A wonderful openness to learning in the Utopians.
But now most blockheaded asses be set to learning, and most pregnant wits corrupt with pleasures.
They have of me (for when I was determined to enter into my fourth voyage, I cast into the ship in the stead of merchandise a pretty fardel of books, because I intended to come again rather never than shortly), they have, I say, of me the most part of Plato’s works, more of Aristotle’s, also Theophrastus* of plants, but in divers places (which I am sorry for) unperfect. For whiles we were a-shipboard a marmoset chanced upon the book as it was negligently laid by, which wantonly playing therewith plucked out certain leaves and tore them in pieces. Of them that have written the grammar, they have only Lascaris, for Theodorus I carried not with me, nor never a dictionary but Hesychius and Dioscorides. They set great store by Plutarch’s books, and they be delighted with Lucian’s merry conceits and jests. Of the poets they have Aristophanes, Homer, Euripides, and Sophocles in Aldus’s small print. Of the historians they have Thucydides, Herodotus, and Herodian. Also, my companion Tricius Apinatus carried with him physic books, certain small works of Hippocrates, and Galen’s Microtechne.* The which book they have in great estimation.
For though there be almost no nation under heaven that hath less need of physic than they, yet this notwithstanding, physic is nowhere in greater honour. Because they count the knowledge of it among the goodliest and most profitable parts of philosophy. For whiles they by the help of this philosophy search out the secret mysteries of nature, they think themselves to receive thereby not only wonderful great pleasure, but also to obtain great thanks and favour of the author and maker thereof. Whom they think, according to the fashion of other artificers, to have set forth the marvellous and gorgeous frame of the world for man with great affection intentively to behold. Whom only he hath made of wit and capacity to consider and understand the excellency of so great a work. And therefore he beareth (say they) more goodwill and love to the curious and diligent beholder and viewer of his work and marveller at the same than he doth to him which, like a very brute beast without wit and reason, or as one without sense or moving, hath no regard to so great and so wonderful a spectacle.
Physic highly regarded.
The contemplation of nature.
The wits, therefore, of the Utopians, inured and exercised in learning, be marvellous quick in the invention of feats helping anything to the advantage and wealth of life. Howbeit, two feats they may thank us for, that is, the science of imprinting and the craft of making paper. And yet not only us, but chiefly and principally themselves. For when we showed to them Aldus his print in books of paper, and told them of the stuff whereof paper is made, and of the feat of graving letters, speaking somewhat more than we could plainly declare (for there was none of us that knew perfectly either the one or the other), they forthwith very wittily conjectured the thing. And whereas before they wrote only in skins, in barks of trees, and in reeds, now they have attempted to make paper and to imprint letters. And though at the first it proved not all of the best, yet by often assaying the same they shortly got the feat of both. And have so brought the matter about that if they had copies of Greek authors they could lack no books. But now they have no more than I rehearsed before, saving that by printing of books they have multiplied and increased the same into many thousands of copies.
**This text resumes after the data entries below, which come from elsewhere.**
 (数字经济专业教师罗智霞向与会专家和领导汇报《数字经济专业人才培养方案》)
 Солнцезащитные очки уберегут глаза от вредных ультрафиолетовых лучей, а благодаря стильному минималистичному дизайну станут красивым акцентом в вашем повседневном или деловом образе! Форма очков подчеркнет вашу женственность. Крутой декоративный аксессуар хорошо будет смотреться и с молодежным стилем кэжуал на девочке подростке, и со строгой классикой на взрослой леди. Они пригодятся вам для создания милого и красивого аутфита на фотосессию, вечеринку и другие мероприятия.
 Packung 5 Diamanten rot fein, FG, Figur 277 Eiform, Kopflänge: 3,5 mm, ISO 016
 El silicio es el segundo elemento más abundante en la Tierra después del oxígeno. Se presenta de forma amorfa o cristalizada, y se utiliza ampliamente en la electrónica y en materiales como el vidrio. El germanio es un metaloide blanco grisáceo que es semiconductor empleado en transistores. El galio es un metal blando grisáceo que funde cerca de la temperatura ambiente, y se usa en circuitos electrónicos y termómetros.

Whosoever cometh thither to see the land, being excellent in any gift of wit, or through much and long journeying well experienced and seen in the knowledge of many countries (for the which cause we were very welcome to them), him they receive and entertain wondrous gently and lovingly. For they have delight to hear what is done in every land, howbeit very few merchant-men come thither. For what should they bring thither, unless it were iron, or else gold and silver, which they had rather carry home again? Also such things as are to be carried out of their land, they think it more wisdom to carry that gear forth themselves, than that other should come thither to fetch it, to the intent they may the better know the outlands on every side of them, and keep in use the feat and knowledge of sailing.
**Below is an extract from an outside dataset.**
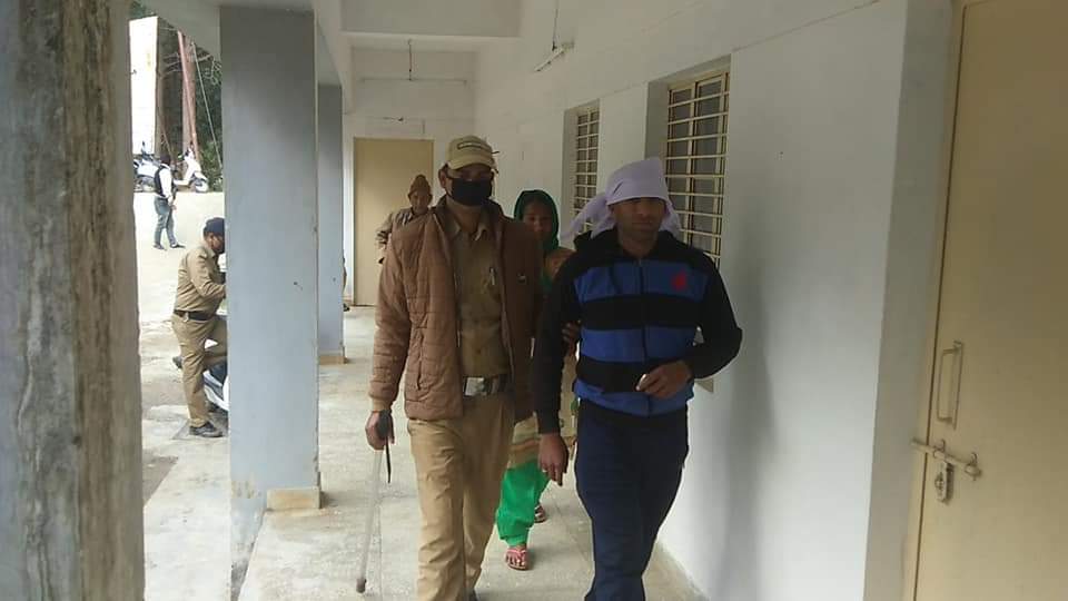| वंदना के पति को पूछताछ के लिए ले जाती पुलिस |

OF BONDMEN, SICK PERSONS, WEDLOCK, AND DIVERS OTHER MATTERS
They neither make bondmen of prisoners taken in battle, unless it be in battle that they fought themselves, nor of bondmen’s children, nor, to be short, of any such as they can get out of foreign countries,* though he were there a bondman. But either such as among themselves for heinous offenses be punished with bondage, or else such as in the cities of other lands for great trespasses be condemned to death. And of this sort of bondmen they have most store. For many of them they bring home, sometimes paying very little for them, yea, most commonly getting them for gramercy. These sorts of bondmen they keep not only in continual work and labour, but also in bonds. But their own men they handle hardest, whom they judge more desperate, and to have deserved greater punishment, because they being so godly brought up to virtue in so excellent a commonwealth, could not for all that be refrained from misdoing. Another kind of bondmen they have, when a vile drudge being a poor labourer in another country doth choose of his own free will to be a bondman among them. These they entreat and order honestly, and entertain almost as gently as their own free citizens, saving that they put them to a little more labour, as thereto accustomed. If any such be disposed to depart thence (which seldom is seen) they neither hold him against his will, neither send him away with empty hands.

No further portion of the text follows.